Forget laundry. Forget folding. Forget hangers. Forget encrypted, highly complex instructions. Wash warm for fifteen seconds. Then cold. Then lukewarm. Then boiling hot. Tumble low or high or gentle. Better yet, don't tumble. It's all so complicated. I fail to get it right, just about every time.
The kid keeps losing clothes, left and right. And let me tell you, that has quite the impact on his two- jeans-and-six-T-shirts wardrobe. I've shrunk, soiled, permanently stained with detergent (How in the crapola is that possible?) more clothes than I can count. (Technically, I can count them. Four. Five if you include our no longer Queen-size sheets.)
I typically avoid things I'm not amazing at (basically everything).
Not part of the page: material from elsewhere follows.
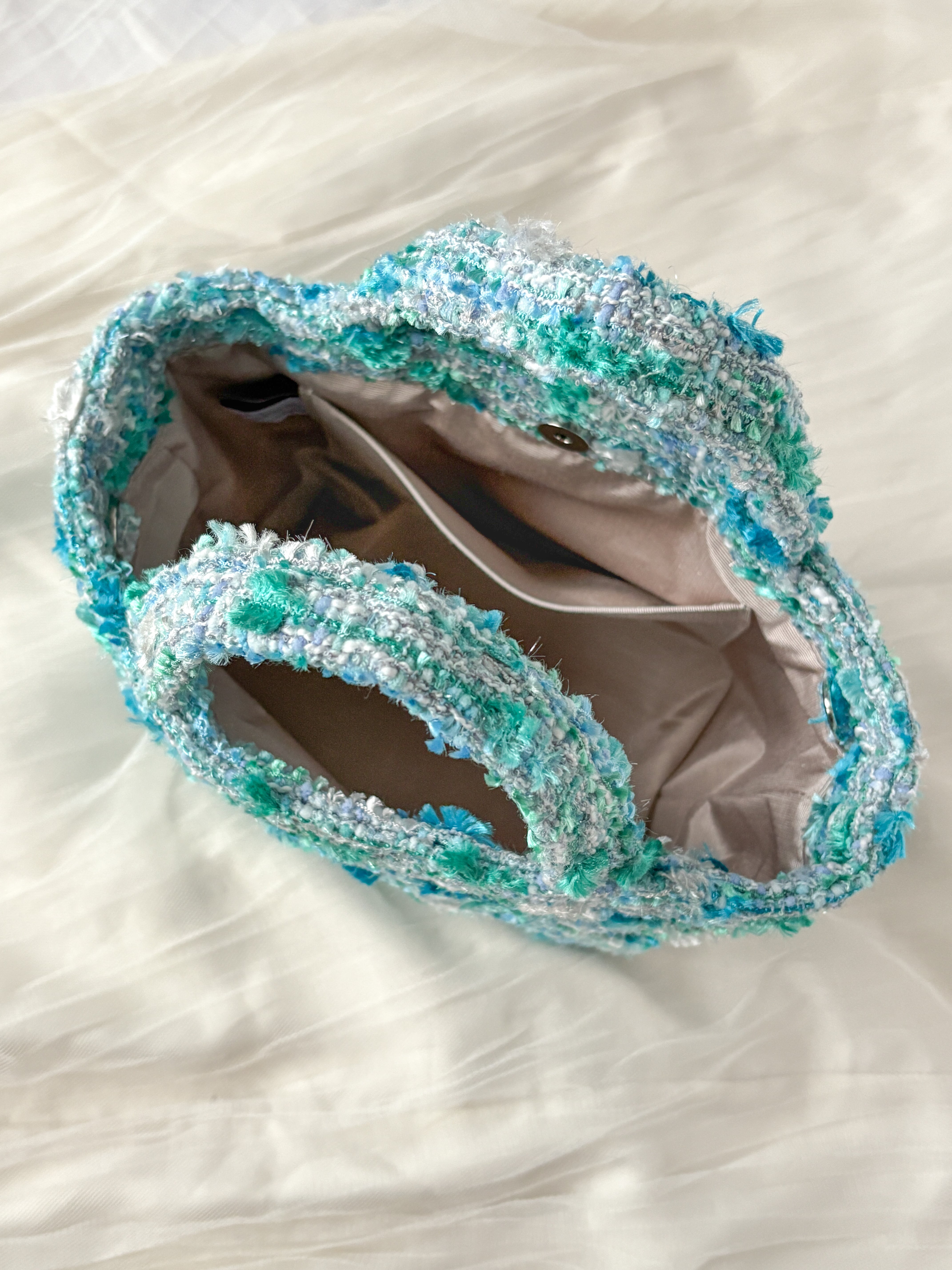 “希望の石“と呼ばれるアマゾナイトの美しさを、希少な高級フェザー糸で表現したブルーグリーンのジュエリーツイード。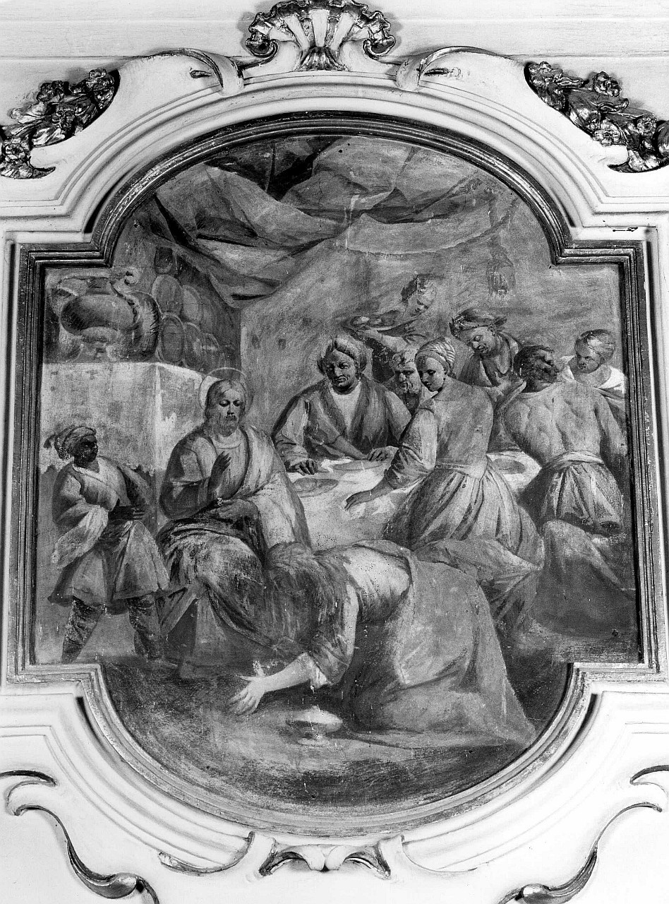 entro una cornice in stucco dorato con motivi vegetali lungo quasi tutto il suo perimetro vediamo inginocchiata in primo piano la Maddalena nell'atto di ungere i piedi a Gesù mentre i commensali osservano la scena seduti alla tavola che, posta in prospettiva, suggerisce senso di profondità. Alle spalle di Gesù un tendaggio e un'alta credenza su cui sono in mostra piatti e una brocca che completa la spazialità della scena. I colori sono tenui. Soggetti sacri. Personaggi: Cristo; Maddalena. Figure: commensali. Oggetti: ampolla; brocca; tavola; piatti; credenza; drappo. Vedute: interno

But this is a double whammy. I not only suck at laundry, I hate it. All that confusion, washing, folding, putting away. Repeat repeat repeat. It's never stinkin' ending. Because I have an ungodly amount of clothes, I could probably last a solid two months before actually needing to do laundry. (Did you do the math? That's like 62 pairs of panties.)
I'm pretty good at putting crap in the washer, but I usually forget it's in there. A stench as ripe as my dad's armpit will slowly grow over the next few days. Mildew has infested our "clean" clothes, so I've got to wash them again... and then I forget, again. It's a never-ending cycle of terribleness. Gain is really gaining from my lack of domesticity.
If all of Grahm's clothes were cute and tiny and looked like this, I would have no problem doing laundry. (That is completely false. However, I'd have a better chance at not shrinking teeny onesies.) But man oh man, this is one of the (many) wifely duties absolutely loathe.